Rapide comme l’éclair, le cabot recula, se ramassa sur lui-même et de son flanc indemne, de toutes ses forces, se jeta sur la porte. Tout l’appartement retentit du choc, mais la porte tint bon. L’animal rebondit au centre du local, se mit à tourner sur place comme une toupie, renversa le seau blanc et son contenu d’ouate stérile. Dans ce tourbillon démentiel furent entraînés les murs, les armoires bourrées d’instruments métalliques, le tablier blanc et le visage éperdu de la nommée Zina.
— Qu’est-ce que tu fais, diable pelé ? ! criait-elle dans tous ses états. Vas-tu finir, mauvaise bête ?
Mais lui tâchait désespérément de trouver une issue de secours. Bondissant de nouveau sur ce qu’il espérait être une autre porte, il percuta cette fois une vitre. Dans un terrible fracas, il y eut une pluie d’éclats de verre, un bocal pansu dégringola, répandant sur le sol une horreur brune qui dégagea immédiatement une puanteur épouvantable. Sur ce, la vraie porte s’ouvrit brutalement.
— Halte, sale animal ! cria le seigneur en faisant des bonds de cabri dans sa blouse dont il n’avait pu enfiler qu’une manche, et comme il réussissait à emprisonner les pattes du chien : — Attrape-le par la peau du cou, Zina, par la peau du cou, ce gredin !

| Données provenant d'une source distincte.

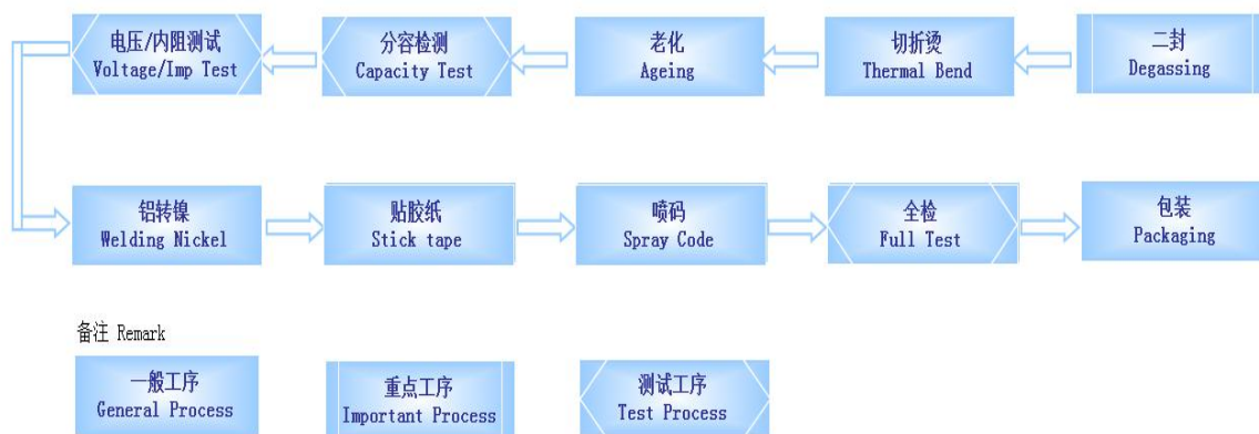
图 1 厂区 5 楼工艺流程图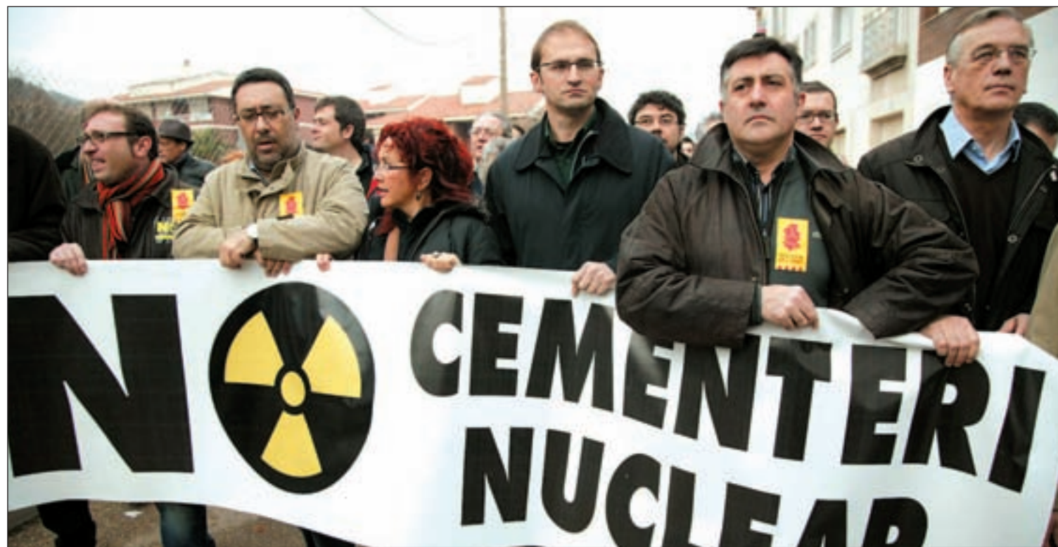
Asistentes a la manifestación contra la decisión del ayuntamiento de Ascó (Tarragona) de optar a acoger un almacén de residuos nucleares

LA POLÉMICA NUCLEAR REACCIONES CONTRA LA DECISIÓN MUNICIPAL DE ACOGER ESTOS RESIDUOS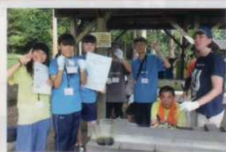
チンジャオロース班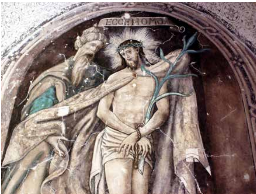
Epazoyucan, 2010, Fotografía del autor.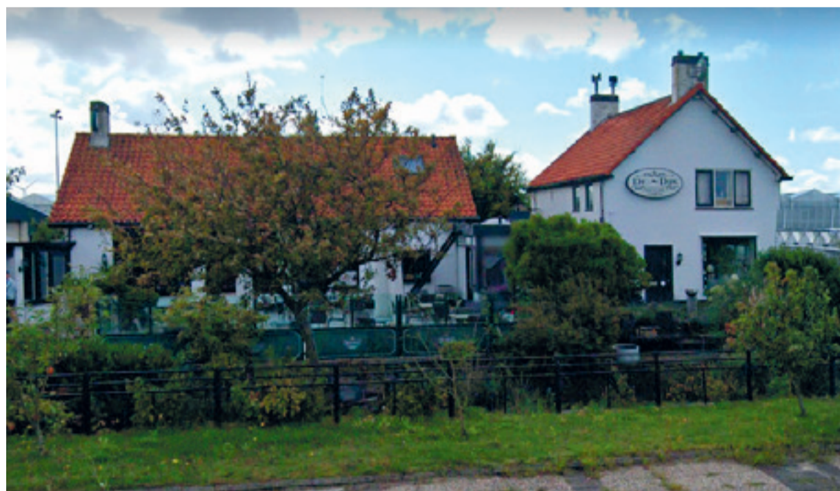
Eetcafé "De Dijk" had in 1835 de naam "Rust Wat" en zo'n 100 jaar later gaf Felix de Groot het de naam "Café Rust Wat".

Bas antwoordde: "Dat de machine niet te breed is, anders kan hij niet over alle dammen en bruggen."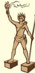
Colossus of Rhodes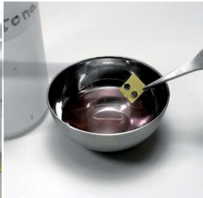
Vágjuk le a marott alkatrészeket és tisztítsuk meg őket acetonnal.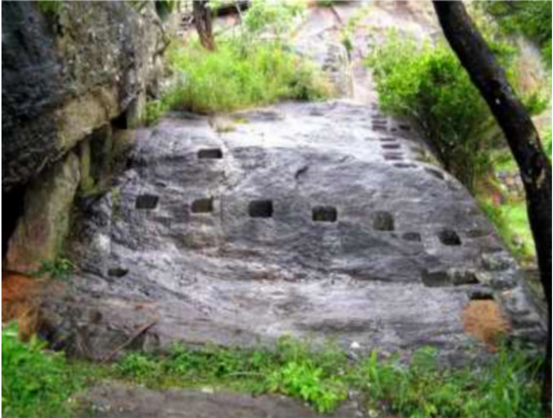
Рис. 41. Сигирия, Шри Ланка [139]

Следующее фото просто уникально – рис. 41. На Сигирии есть самый настоящий сейд, точно такой же, какие встречаются на Кольском полуострове, в Карелии и других местах. Только этот сейд просто гигантский. Монолит весом минимум 2500 тонн, поставлен на подпорки из небольших камней. Слева на изображении, мы как раз видим эти камни, на которые опирается огромный валун. Чтобы подпорки не ушли из-под камня сюда вывалили «машину каменного раствора» и подпёрли им несущие опоры. Очень хорошо видно, как вязкая каменная масса обволакивала камни под монолитом. Эта фотография снимает все вопросы и однозначно говорит, что камень был жидким .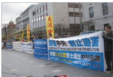
爱尔兰集会声援中国民众三退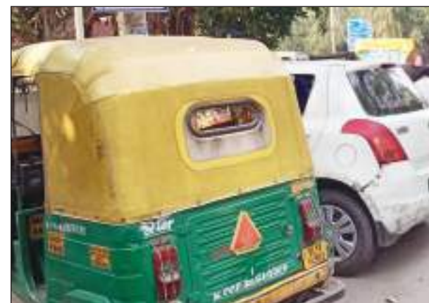
भी बुरा हाल है, लोगों ने सड़क के दोनों साइड पर अपने वाहन पार्क किए हुए हैं, जिससे सड़क तो संकरी होती ही है बल्कि जाम की स्थिति भी बनी रहती है। वहीं

बेतरतीब गाड़ी खड़ी करके इस कदर घेर लिया है, जिससे कि कोई आपातकालीन वाहन का भी निकलना मुश्किल है। वहीं सुभाष पैलेस थाना के पास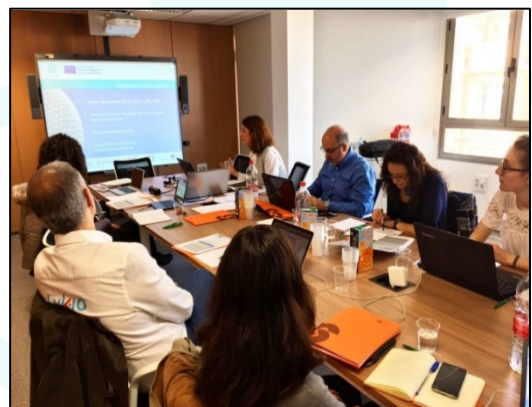
Η εναρκτήρια συνάντηση του έργου GLOBAL-SPIN με όλους τους εταίρους στη Granada (Ισπανία, 3/3/2017)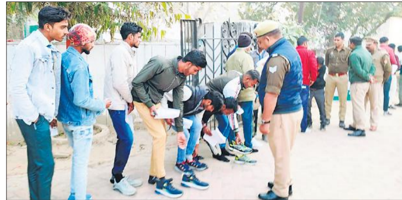
परीक्षा केंद्र पर चेंकिंग के दौरान जूते उतरवाता पुलिस कर्मी।

पुलिस भर्ती परीक्षा का पेपर छूटने के बाद यातायात पुलिस को ट्रैफिक व्यवस्था संभालने में खासी मशकत करनी पड़ी। खासतौर पर राजकीय इंटर कॉलेज, इस्लामिया इंटर कॉलेज, आर्य महिला इंटर कॉलेज, जनता इंटर कॉलेज, देवी प्रसाद इंटर कॉलेज परीक्षा केंद्र शहर के बीच में है। जहां परीक्षा छूटने पर जाम की स्थिति बनी रही। ई-रिक्शा, चार पहिया वाहन, दो पहिया वाहन भीड़ में फंसे रहे। यह अव्यवस्था दोपहर और शाम दोनों पालियों के पेपर छूटने पर देखी गई। हालांकि यातायात व्यवस्था संभालने के लिए और पहले दिन से सबक लेते हुए ट्रैफिक पुलिस खासी चौकनी थी, लेकिन भीड़ के आगे किसी की नहीं चलती। तमाम परीक्षार्थियों के कालेज गेट के बाहर ही वाहन पर बैठने के कारण स्थितियां बनती-बिगड़ती रहीं।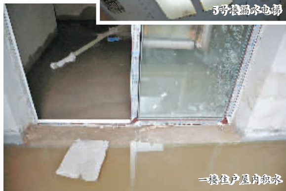
一楼住户屋内积水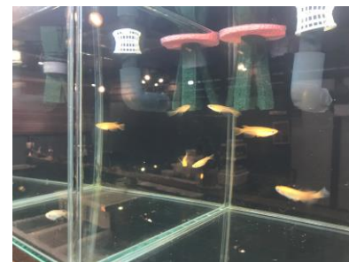
人気の高まる改良メダカ

就労継続支援A型は雇用関係を結んでいるのが特徴で、県の最低賃金（2023年4月現在、960円）を必ずお支払いしています。改良メダカについてはカラフルな見た目や飼育のしやすさなどから注目され、コロナ下で需要が急増。 そのため、メンバーへ給料として還元しやすく、さらに動物と触れ合うことによって精神的なやすらぎを得られるというメリットもあると考えこの業態を選びました。 今年1月から開店準備のためにメンバーに働いてもらっていますが、休む日が減ったり、いつもより長時間働けたりするなど効果を実感しています。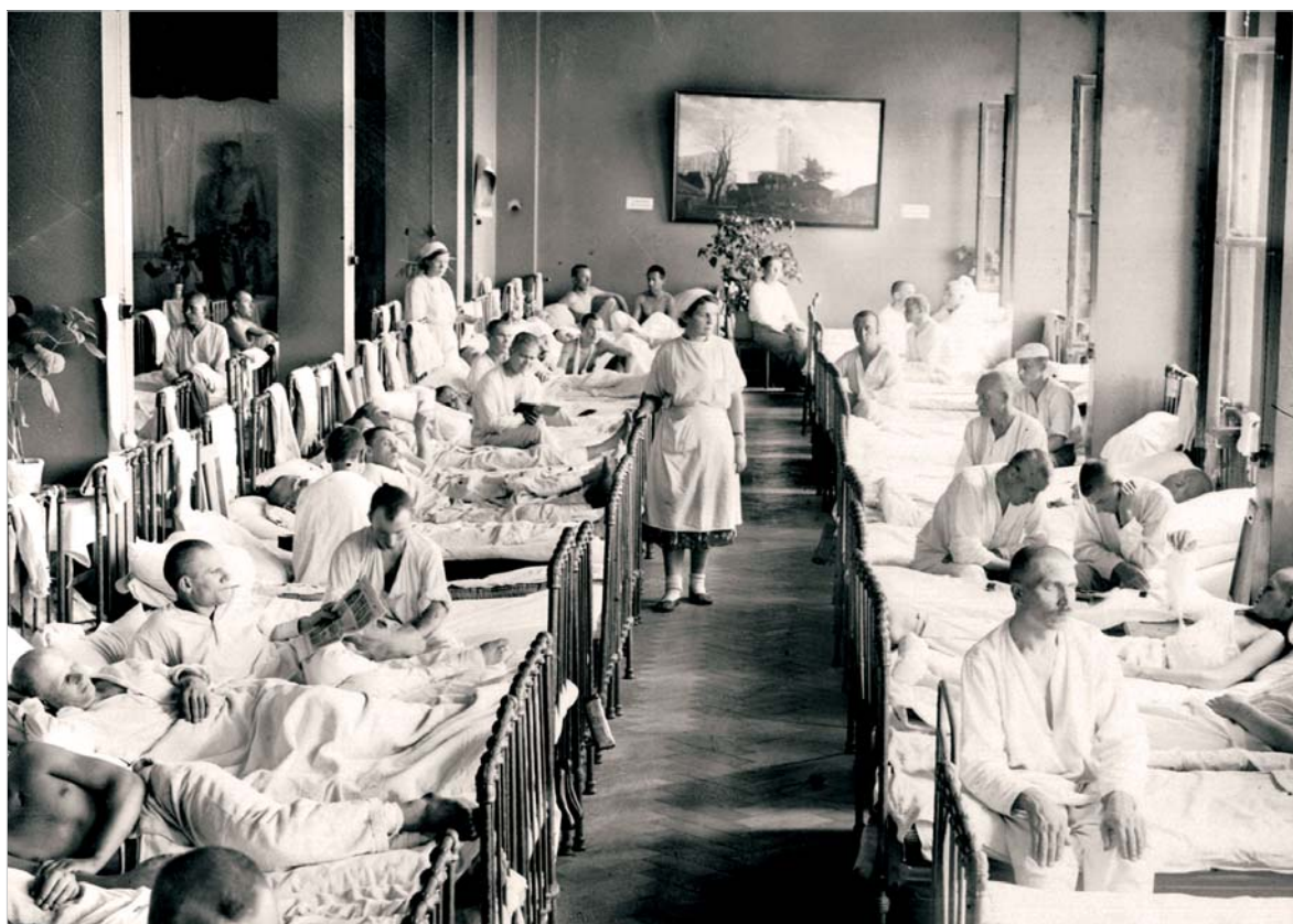
Раненые бойцы в палате эвакогоспиталя № 414. 1943 г.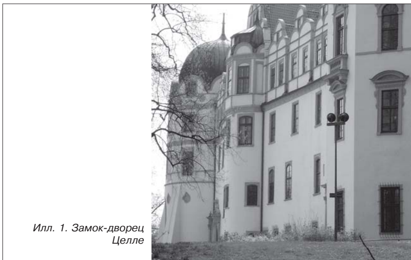
Илл. 1. Замок-дворец Целле

О выставках в немецких музеях в целом можно сказать следующее. На выставке, судя по всему, замкнута практически вся работа средне-статистического немецкого музея, зачастую за счет развития науки, за счет комплексного научного изучения коллекций. В этом смысле российский музей, хочется верить, пока еще могут видеть свое определенное преимущество. Второй момент в том, что приоритет отдается тем из них, которые ориентированы более на концепцию, нежели на объект. Иными словами, большое значение при создании выставок уделяют дизайнерскому оформлению. Теоретической базой подобного подхода является представление о том, что четко продуманное оформление каждый раз должно подготавливать посетителя к неожиданности от встречи с объектами прошлого. Музейные предметы несут дух эпох, не похожих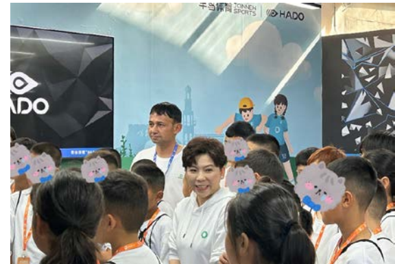
右图：邓亚萍女士陪同学生体验 AR 运动科技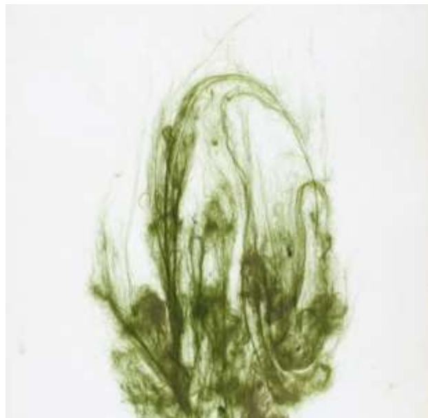
36-rasm. Ko'p hujayrali ulotriksning tashqi ko'rinishi

Suvo'tlar birlamchi ishlab chiqaruvchilar sifatida suv ekotizimining asosini tashkil etadi.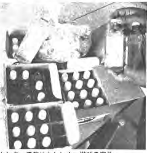
センターで集めたシンナーを薬品として大規模に買入るケース

昨年六月から柏市に「浸入」を始めたシンナー遊びは、センター及び警察の両者を合わせて百八十八名の補導少年を出しています。この数は、県下各警察管内で三番目という「不名誉」なもので、今年一月には死亡事故もみおこしています。この遊びで補導された少年の種別は、職を持つ者三十四・五％、高校生三十一％、無職少年二十・六％となり、年令別では十六歳、十七歳、十八歳という順になり、ここでも高校生や無職少年が、七位に躍り出しています。この遊びは、体を衰弱させるだけでなく、心までもむしばみ少年を違法行為にまで走らせたり、死傷させる危険があります。死のゲームをするようになっていまい。センターでは、成人であつても現病を発見次第警察と協力して厳しい注意を与えています。なかなか根絶できません。成人者だといって、この遊びの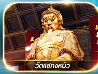
วัดเข็กงหมิว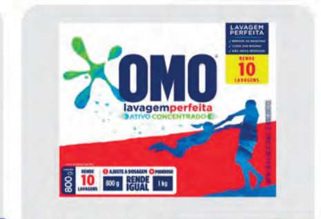
Sabão em pó Omo Lavagem Perfeita 800g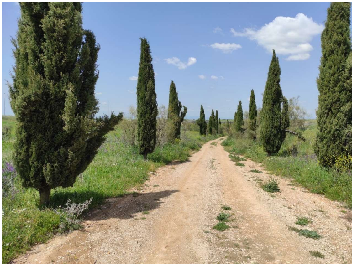
Camino que cruzará la traza soterrada en dirección al apoyo T-107PAS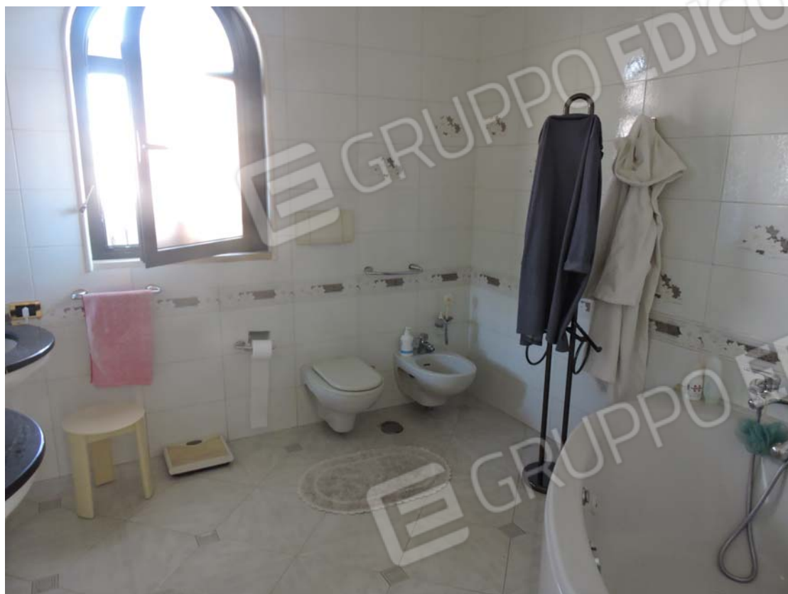
Bagno principale piano rialzato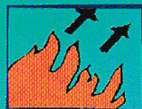
Определите направление распространения огня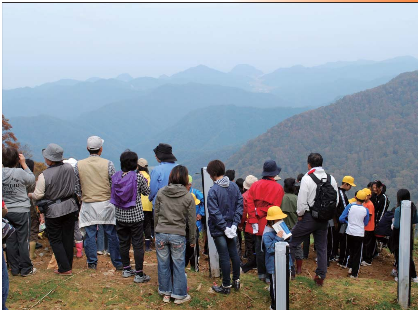
【写真】 眺め最高！空の展望台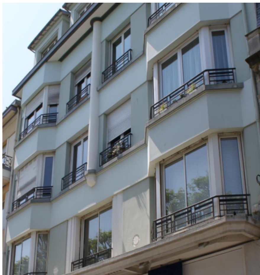
n°29 cours de Chazelles

Une certaine esthétique se dégage de ses réalisations. Il agrandit l'Union Coopérative de Lorient, réalise l'hôtel des Voyageurs de Clohars-Carnoët (actuel hôtel de ville) et la mairie de Quéven.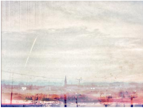
Giclée Print Motivmaße nach Absprache Auflage 20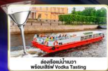
ล่องเรือแม่น้ำแคว พร้อมเสิร์ฟ Vodka Tasting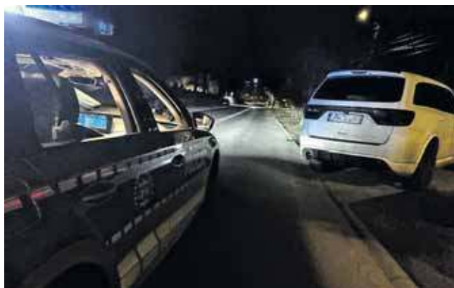
Samochód został skradziony w lutym w Katowicach

Pojazd został zauważony na ul. Gliwickiej. Funkcjonariusze zatrzymali go do kontroli, podczas której szybko potwierdziły się przypuszczenia zgłaszających. Za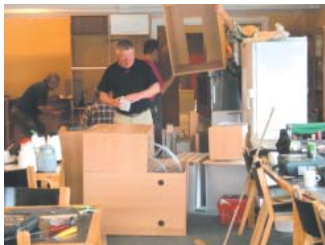
Nyt køkken installeres

- en nem og hurtig måde at få et budskab ud på, men desværre også et medie, hvor budskabet stille og roligt forsvinder i takt med tiden. Roklubbens hjemmeside fungerer med de overordnede meddelelser, men her kræver det et stort stykke arbejde at holde siden opdateret og vedligeholdt.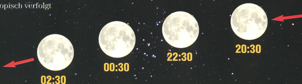
Die Bedeckung der Krippe durch den vollen Mond am späten Abend des 22. Januar 2008 wird man nur mittels Teleskop beobachten können. (Montage: Thomas Baer)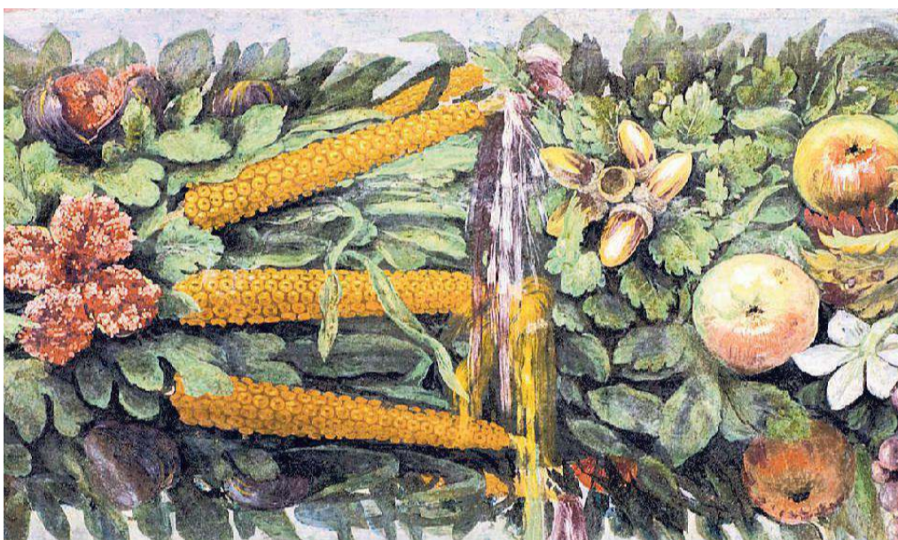
Particulâr di festons simpri di Zuan di Udin

ae fin dal XVI secul), Zuan al vierç la strade ae mode, di recupar classic, de piergule finte insiorade, come che al scrîf il Vasari, «stagione per istagione di tutte le sorti frutte, fiori e foglie con tanto artificio lavorate, che ogni cosa vi si vede viva e staccata dal muro». Vile Farnesina e fo progetade di Baldassarre Peruzzi e decorade di bande di artiscj di grande nomee tant che Raffaello, Sebastiano del Piombo, Sodoma. A vuê e je gjestide de Academie Nazional dai Lincei e vierte al public come museu. Cul fin ai 20 di Lui si pues viodi la mostre “I colori della prosperità: frutti del vecchio e nuovo mondo”, che e met in lûs propit il leam gjenial tra l'art di Raffaello e l'estri inventif di Zuan di Udin. Straordenari esempli di dialic tra architettura e afresc, la loze e la sô decorazion a son stadis pensadis insiem cul zardin ch'al è devant: un puest tant biel che Raffaello al à piturât la storie di Amôr e Psiche gjavade di Apuleio, li che lis figuris a son impuartantis come i festons di rosis e pomis che lis insuazin, piturâts invezit di Zuan. Oltri ae vivarose invenzion, insiorade dai colôrs vifs, la piergule finte e je straordinarie par vie des plantis rapresentadis, fintremai 170 varietâts ance je raris e esotichis, de blave cocis (o sin dome 20 agns dopo de scuvierie de Americhe). La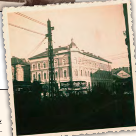
A családi bérház a Thököly úton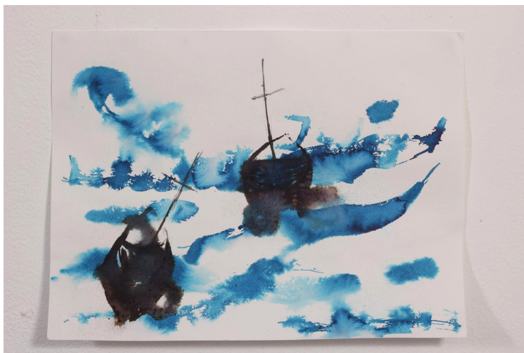
דנה קלמנסו, שליטה אל מול חוסר שליטה, אקוורל על נייר, 21*29.7 ס"מ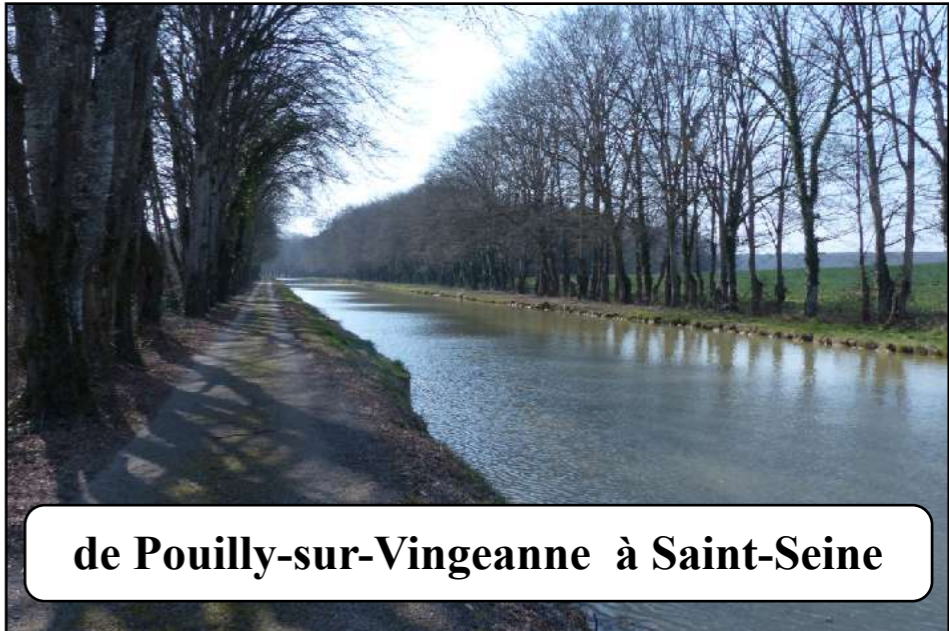
de Pouilly-sur-Vingeanne à Saint-Seine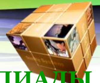
ГРАФИК ПРОВЕДЕНИЯ ОЛИМПИАДЫ 1 неделя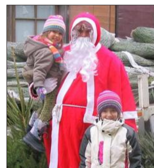
Il sera là à partir de 19 heures, pour la traditionnelle distribution des friandises.

du collège Marcel-Cuynat, SOS Récré, les sapeurs-pompiers, l'association Menthe abricot cerise de Roissard, les Amis de Zake). Les visiteurs trouveront aussi des crêpes et gaufres, barbe à papa, diots de Savoie, chocolat, vin et marrons chaud, les odeurs de cannelle du Sou des écoles, des dégustations d'huîtres avec un petit vin blanc, par Katie et Frédéric. Quant au programme, il débutera à 17 h 15 avec une déambulation à partir du Granjou, une exposition sous le pont de la RD 1 075 (ombres chinoises et messages), puis dans le parc Louis-Samuel (derrière la mairie), des percussions et contes à 18 h, lâcher de lanternes (toujours derrière

— Nom d’une pipe ! En voilà, un chien !
Le battant de la porte s’ouvrit un peu plus, livrant passage à un autre personnage du sexe masculin, en blouse blanche lui aussi. Écrasant les débris de verre, il ne fonça pas sur l’animal mais vers l’armoire qu’il ouvrit, une odeur écœurante et doucereuse envahissant aussitôt le local. Le personnage en question plongea ensuite sur le chien, s’abattit sur lui de tout son poids, non sans se faire mordre d’importance au pied gauche, juste au-dessus du nœud de sa chaussure. Le personnage fit « aïe ! », mais ne perdit pas sa présence d’esprit. Le liquide nauséeux fit son œuvre, le cabot manqua d’air, tout se mit à tourner dans son crâne, ses pattes se dérobèrent sous lui, il se sentit partir à la dérive. « Avec mes remerciements, bien sûr, protestait-il encore rêveusement, tandis qu’il s’affaissait sur les tessons coupants. Adieu, Moscou ! Jamais plus je ne verrai le bon Tchitchkine, les prolos et le Spécial Cracovie. Ma vie de chien ne fut qu’une longue patience, elle me vaudra bien le paradis. Équarrisseurs, mes frères, pourquoi m’avoir fait ça ? »
Là-dessus il cessa de résister et expira.
À sa résurrection, le chien nota un léger tournis et une vague envie de vomir, mais rien, une paix délicieuse pour ce qui était de son flanc. Entrouvrant un œil embrumé, le droit, il constata que son abdomen disparaissait sous un pansement serré. « Les enfants de cochon, ils m’ont tout de même trafiqué, songea-t-il obscurément, mais ils s’y entendent, faut leur rendre justice. »
« De Séville à Grenade... dans l’ombre douce de la nuit... » À deux pas de lui, une voix distraite et fausse fredonnait l’air connu.
Le chien s’étonna, ouvrit cette fois les deux yeux, ce qui lui permit de voir un pied d’homme posé sur le bois blanc du tabouret. Le pantalon et le caleçon relevés découvraient l’épiderme jaune et nu du mollet, tout maculé de sang coagulé et de teinture d’iode.
« Par tous les saints du ciel ! se dit le chien, ça m’a tout l’air d’être mon œuvre. Du bon travail. Gaffe à la raclée ! »
— « ... Monte au ciel la sérrrénade, des épées le cliquetis ! » Alors, gros voyou, pourquoi as-tu mordu le docteur ? Dis ? Pourquoi as-tu brisé la vitre ? Dis ?
— Wou-ou-ou, répondit piteusement le chien.
— Bon, ça va. Repose-toi, idiot, puisque tu as retrouvé tes esprits.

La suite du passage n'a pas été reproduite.